■ **ASSIGNMENT**
Using the material below, print the line that contains "產品名稱:132kW 水平雙級直連永磁變頻空壓機 JYSC132", the line that contains "Abu tėvai sveiki, išlake", and every line in between, exactly and nothing else.

RECORDS TO PROCESS Start Marker

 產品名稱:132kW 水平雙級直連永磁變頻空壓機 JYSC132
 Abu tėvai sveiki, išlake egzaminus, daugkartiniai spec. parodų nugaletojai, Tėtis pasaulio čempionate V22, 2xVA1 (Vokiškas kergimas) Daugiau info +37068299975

RECORDS TO PROCESS End Marker
RECORDS TO PROCESS Start Marker

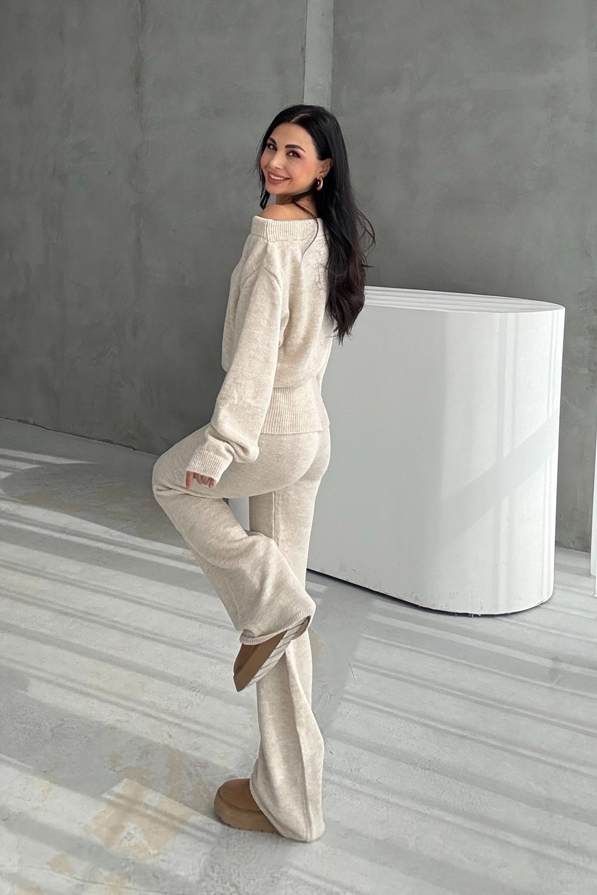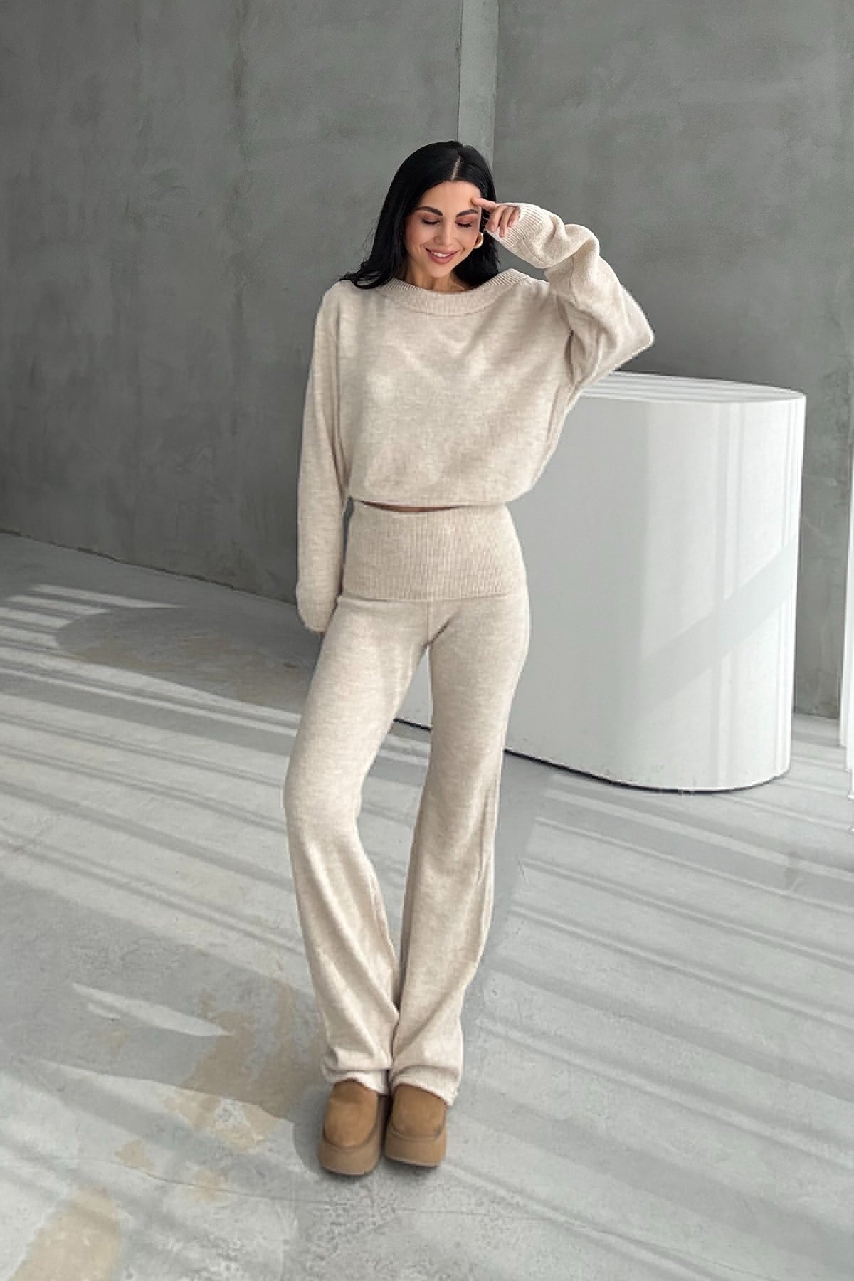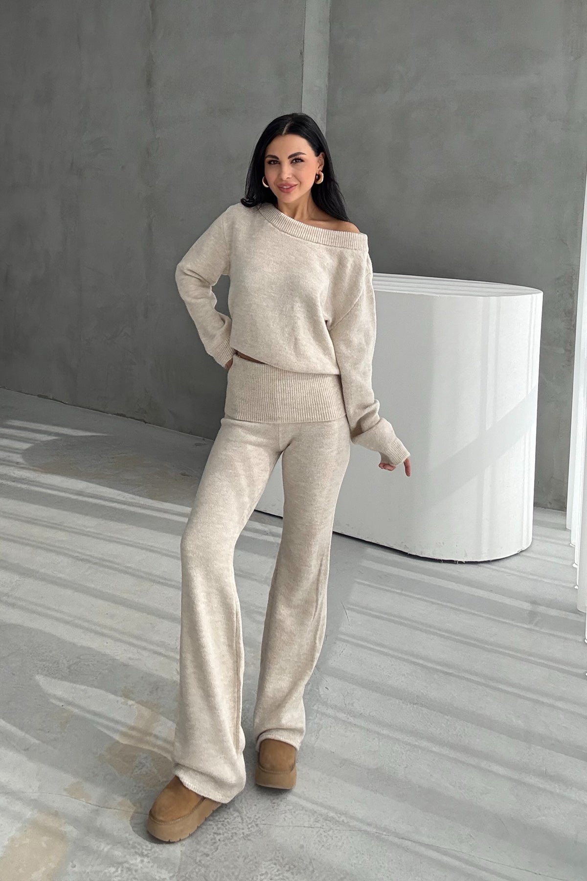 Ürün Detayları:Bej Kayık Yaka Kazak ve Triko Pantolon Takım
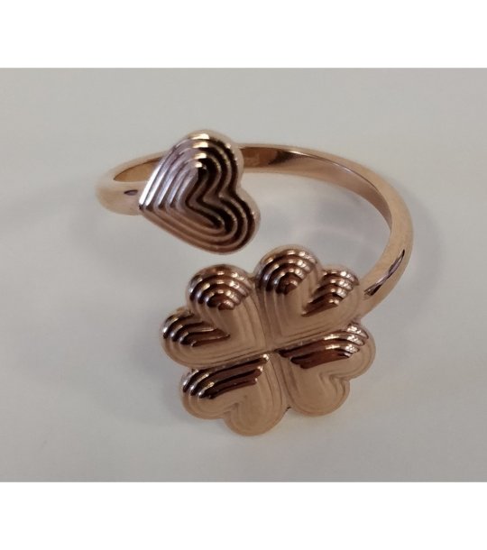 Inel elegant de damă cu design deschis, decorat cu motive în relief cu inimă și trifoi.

RECORDS TO PROCESS End Marker
RECORDS TO PROCESS Start Marker

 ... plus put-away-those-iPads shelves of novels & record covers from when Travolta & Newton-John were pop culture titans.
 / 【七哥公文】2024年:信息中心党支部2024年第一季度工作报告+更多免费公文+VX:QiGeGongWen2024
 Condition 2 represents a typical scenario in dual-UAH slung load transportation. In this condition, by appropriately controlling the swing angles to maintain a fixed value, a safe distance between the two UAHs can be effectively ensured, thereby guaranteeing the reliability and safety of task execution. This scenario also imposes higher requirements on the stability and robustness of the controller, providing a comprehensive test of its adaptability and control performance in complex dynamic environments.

RECORDS TO PROCESS End Marker

■ **EXERCISE ANSWER**
 產品名稱:132kW 水平雙級直連永磁變頻空壓機 JYSC132
 Abu tėvai sveiki, išlake egzaminus, daugkartiniai spec. parodų nugaletojai, Tėtis pasaulio čempionate V22, 2xVA1 (Vokiškas kergimas) Daugiau info +37068299975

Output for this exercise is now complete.